À terme, les gestionnaires du programme envisagent plusieurs dispositifs complémentaires afin d’accompagner l’arrivée du puffin yelkouan. Des cavités artificielles pourraient notamment être créées pour faciliter sa nidification, tandis que des systèmes d’attraction sonore pourraient également être utilisés.

Les premières actions de ce type pourraient être engagées à partir de 2027, une fois l’éradication du rat noir définitivement confirmée et les données scientifiques consolidées.

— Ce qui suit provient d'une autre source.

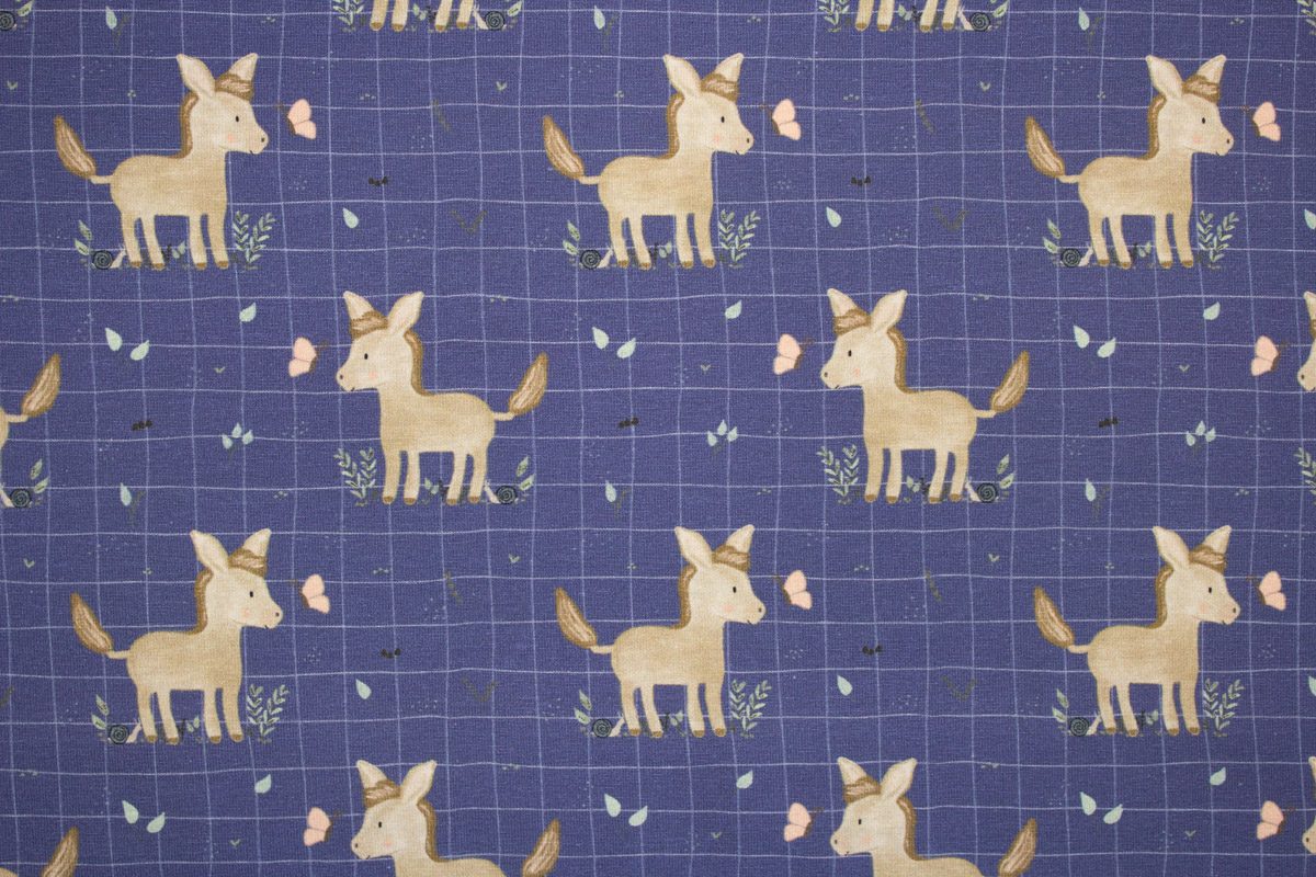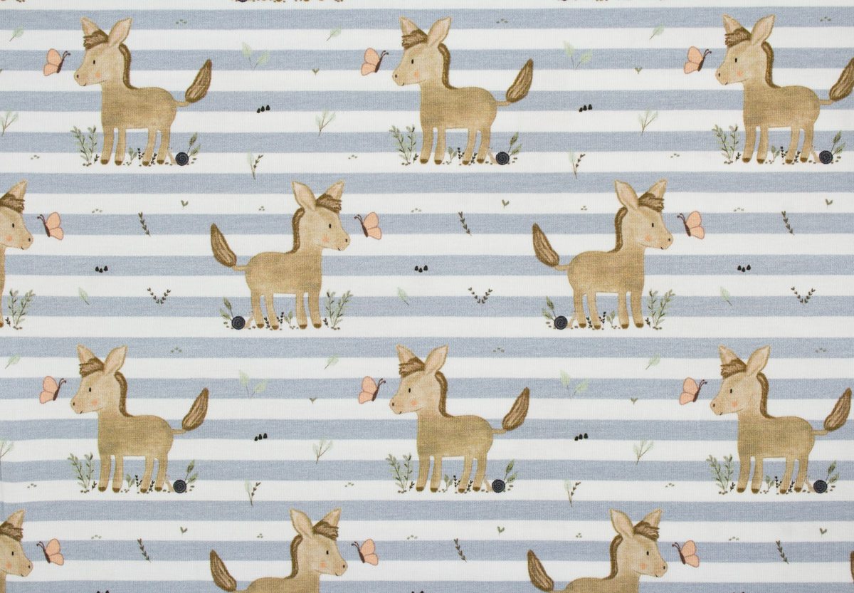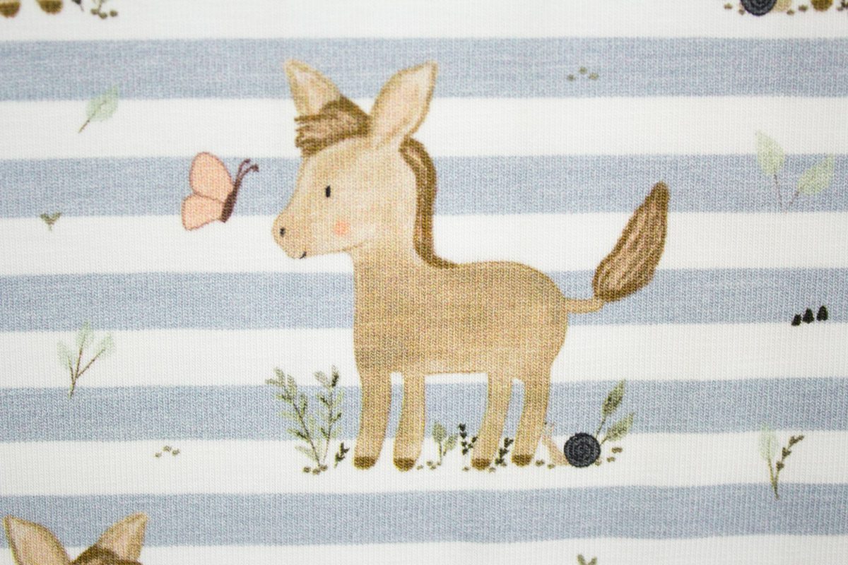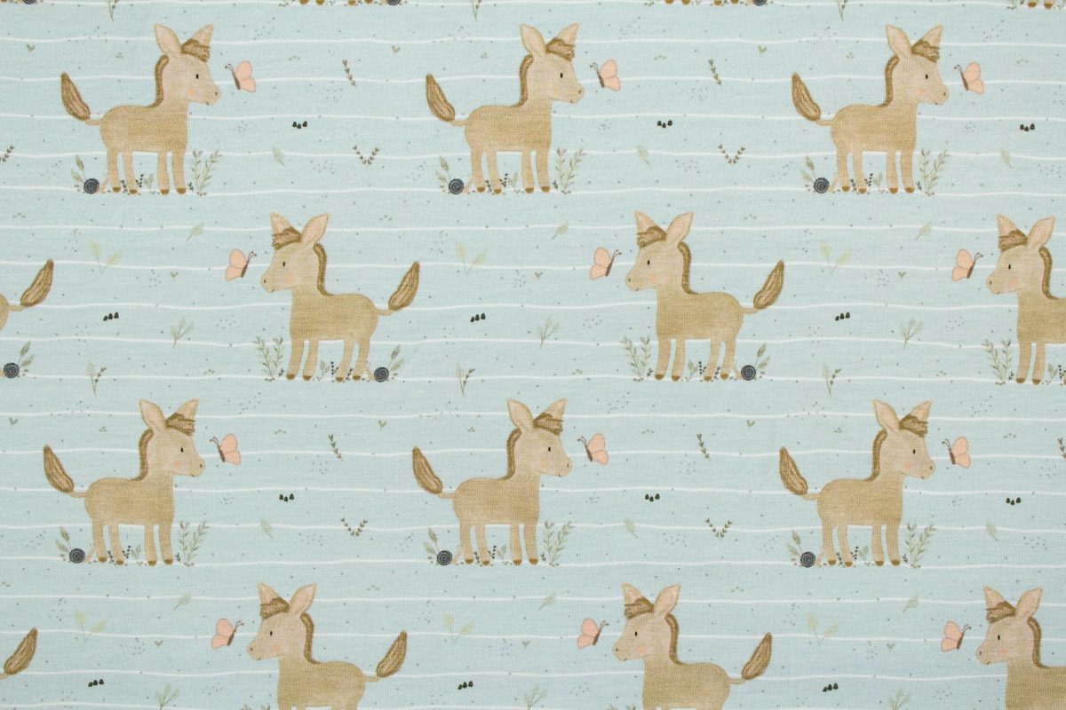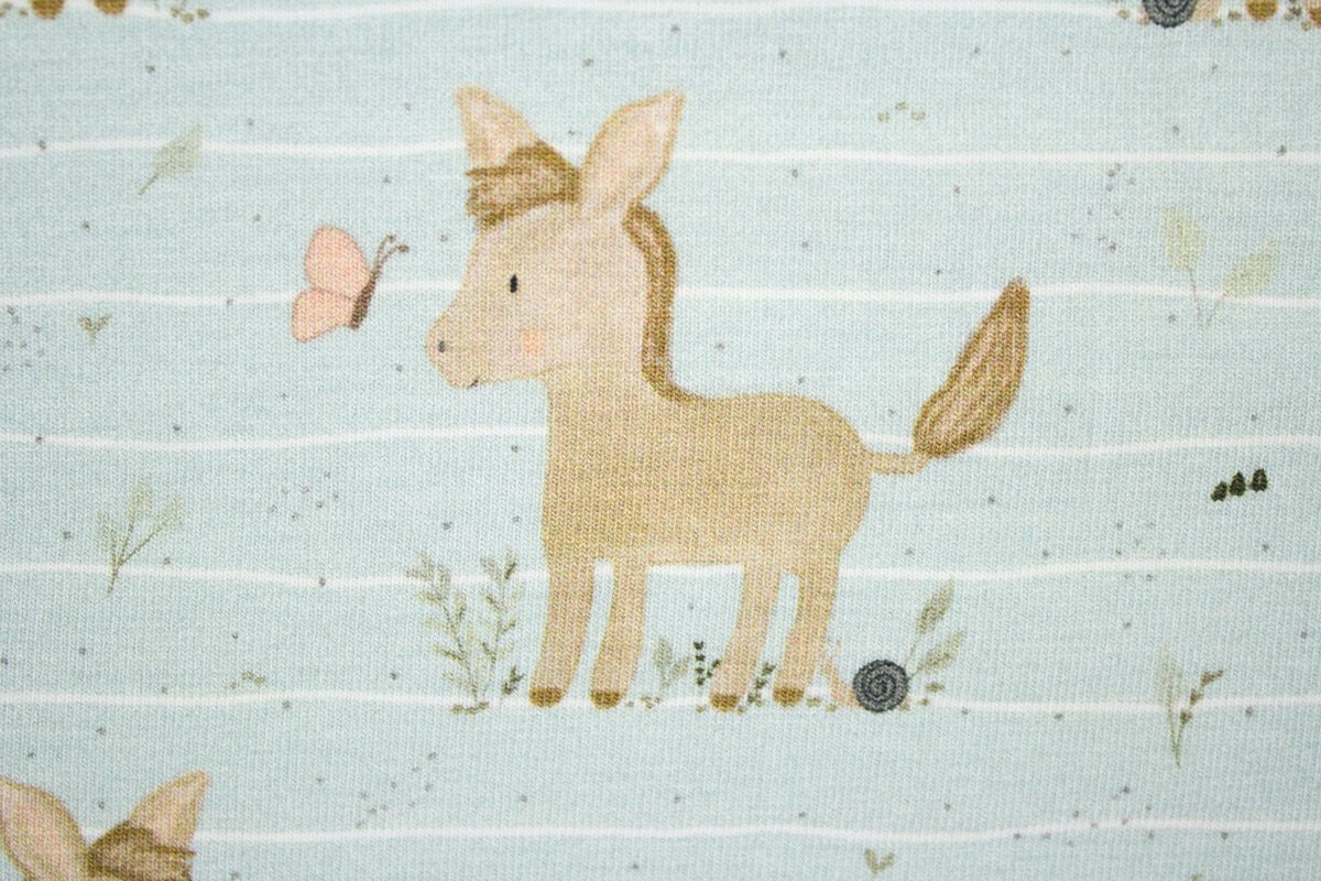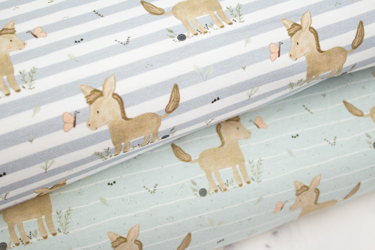 Zuckersüßes Motiv für Kinder mit kleinen Eselchen und Schmetterlingen auf verschiedenen Hintergründen.

La fréquentation touristique sous surveillance

Très fréquenté durant la saison estivale, l’archipel des Sanguinaires reste ouvert au public. Cette fréquentation constitue toutefois l’un des principaux enjeux de préservation du site.

Le risque majeur réside dans une réintroduction accidentelle du rat noir par les bateaux de visiteurs ou les opérations logistiques menées sur les îlots. Excellent nageur, le rongeur pourrait également rejoindre certains secteurs depuis la pointe de la Parata.

Afin de limiter ces risques, les gestionnaires du programme ont mis en place un important travail de sensibilisation auprès des professionnels du nautisme et des visiteurs.

Les touristes sont notamment invités à ne laisser aucun déchet ou reste alimentaire sur place, à respecter les sentiers balisés et à éviter toute perturbation de la faune sauvage. Les professionnels maritimes doivent quant à eux veiller à l’absence de rongeurs à bord de leurs embarcations.

Une restauration écologique emblématique en Méditerranée

L’opération menée sur l’archipel des Sanguinaires illustre plus largement les nouveaux enjeux de restauration écologique des îles méditerranéennes confrontées aux espèces invasives.

Dans de nombreux territoires insulaires, la lutte contre le rat noir constitue aujourd’hui une priorité environnementale afin de protéger des écosystèmes particulièrement fragiles et souvent uniques.

Au large d’Ajaccio, les premiers résultats observés semblent confirmer l’efficacité du dispositif engagé. Reste désormais à inscrire cette réussite dans la durée afin de permettre à la biodiversité locale de se reconstituer pleinement dans les années à venir.